L’une des contributions de Monique Choux à ce débat serait assurément de demander une meilleure écoute de la ville dans le cadre de l’élaboration du plan d’aménagement urbain de Planoise (NPNRU). La loi garantit en effet aux Conseils citoyens d’être pleinement associés à la gouvernance des contrats de ville, ce qui ne semble pas être le cas à Besançon sur ce sujet. L’animatrice met aussi en garde contre la « résidentialisation », qui vise à « vendre l’espace public ». « Chaque bâtiment ne dispose que d’un mètre autour, même les copropriétés. On essaie d’expliquer que le rachat de l’espace autour des bâtiments signifie s’enfermer chez soi, que tout sera privé, comme certaines voies de passage praticables à pied. Et où va-t-on mettre les jardins, les jeux d’enfants ? Les bailleurs ont déjà vu avec la ville pour récupérer du terrain. Comment la ville peut-elle vendre du terrain public sans que les citoyens soient tenus au courant ? », prévient-elle.

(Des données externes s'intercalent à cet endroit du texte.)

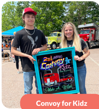
Convoy for Kidz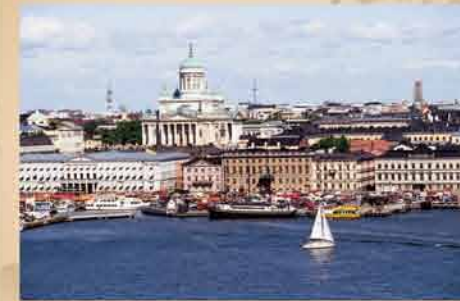
Helsinki – World Design Capital 2012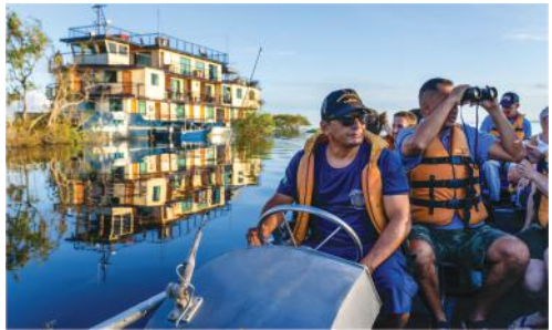
MS Jangada Tour Guide

Explore Tefé, one of the largest cities on your Amazon journey, founded by Portuguese missionaries in the 17th and 18th centuries. Marvel at the panoramic view of the ancient river from the monastery and uncover historical artifacts in the still-in-use buildings. Explore the town's market hall and enjoy free time for your own discoveries. In the afternoon, visit Mamirauá National Park, a UNESCO World Heritage Site, with excursion boats and on foot to explore its flooded rainforest and unique wildlife, including Uakari monkeys, sloths, cormorants, parrots, and toucans. At night, search for nocturnal animals and caimans with glowing eyes.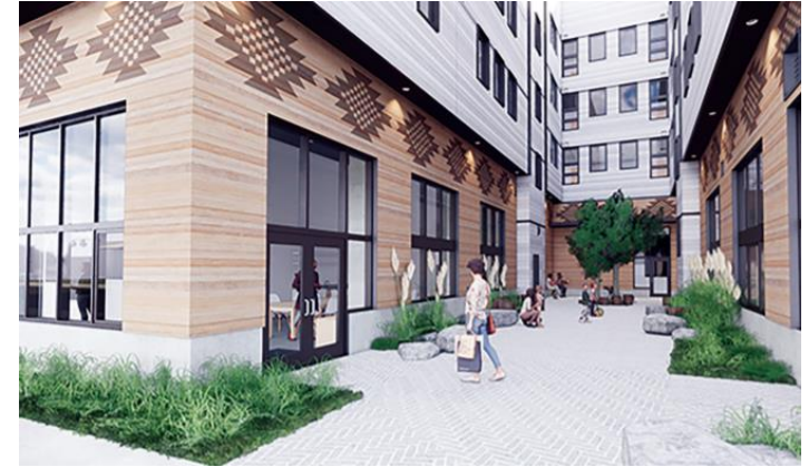
Mamook Tokatee apartments Portland, OR (design rendering)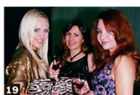
April 9: The International Auto Show held a gala at the Javits Convention Center. The evening benefited East Side House Settlement.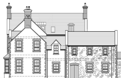
REAR (SOUTHEAST) ELEVATION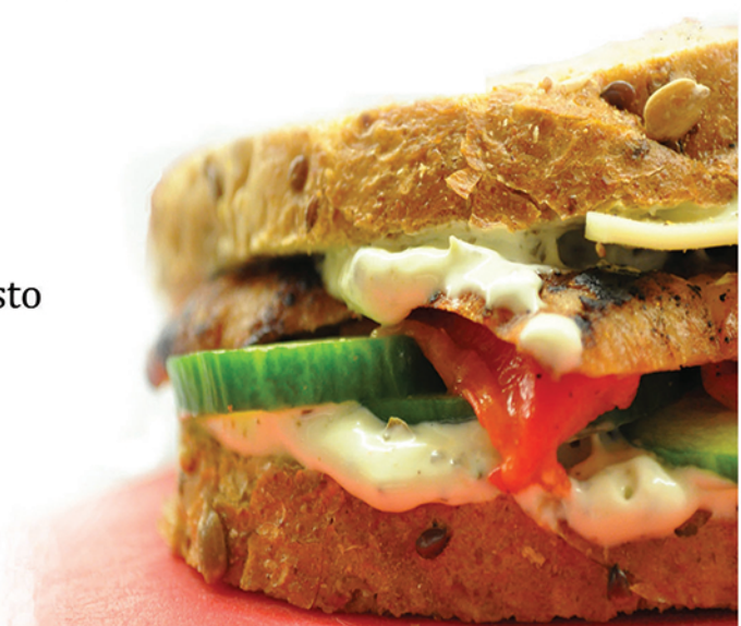
Chicken Pesto Sandwich

Grilled Cheese - Simple, fun and so delicious! Slices of American cheese on whole wheat bread. 365 Cal $5.99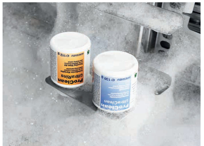
ProClean automatic cleaning system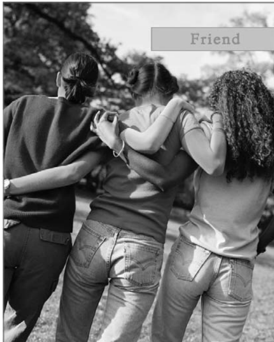
Friend ABUSE VICTIM

ADVERTISERS - Reach the whole state (over a million readers) with just one display ad placement for only $800! See your local participating newspaper or call Cheryl Ghrist at Colorado Press Service, 303-571-5117 ext. 24, for details.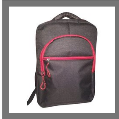
College Shoulder Backpack Bag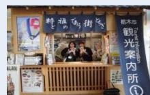
[Tochigi Station Tourist Information Center]

Get your One-Day Citizen Passport at the Tourist Information Center to the right after exiting the ticket barrier and start exploring!!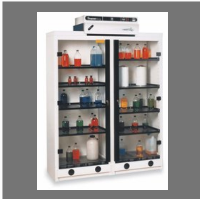
Vented Chemical Storage Cabinet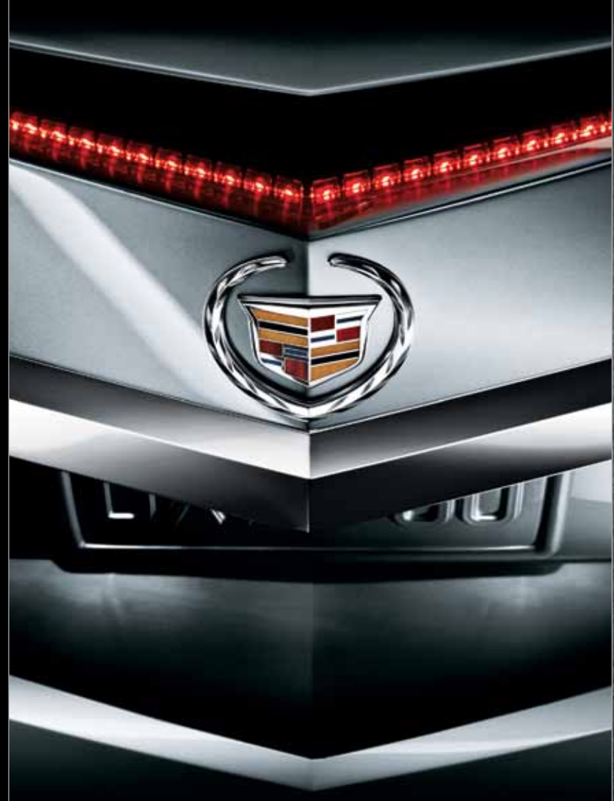
STOP LAMP? SPOILER? BOTH.

Who says one brilliantly engineered component can't do the work of two? The integrated center brake light ingeniously doubles as a spoiler to reduce lift at high speeds.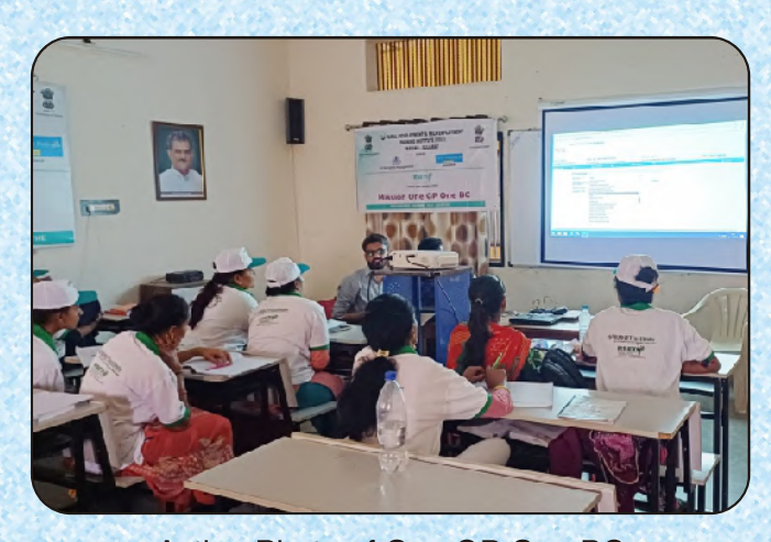
Action Photo of One GP One BC

Avec peut-être quarante personnes impliquées, le débat du jour est loin d’avoir pu reconstituer un panel représentatif de la diversité, de la richesse et de la jeunesse de Planoise. Nous n’avons pas entendu certains points de vue, certaines paroles pourtant indispensables à l’établissement d’un diagnostic précis de la situation du quartier et des attentes des habitants. Le cadre gouvernemental d’un débat national qui suscite la méfiance n’était peut-être pas le plus approprié pour favoriser des discussions ouvertes à tous sur une thématique locale. Malgré tout, ce débat a sûrement réussi à conforter l’idée qu’une telle discussion doit avoir lieu, sous une forme qui n’est encore pas trouvée. Et peut-être que le débat fera un peu parler, qu’il parviendra tout de même, après-coup, à susciter de l’intérêt. Ce qui a motivé Annick au départ, c’était le grand débat qu’elle a regardé à la TV. « On sent que l’on a des choses à dire, à se dire. On a envie que les choses changent pour nos enfants. Il ne faut pas voir que le négatif et travailler sur les côtés positifs ». Elle est en train de monter une association pour que des jeunes puissent construire pendant plusieurs mois un char qui défilera pour le carnaval.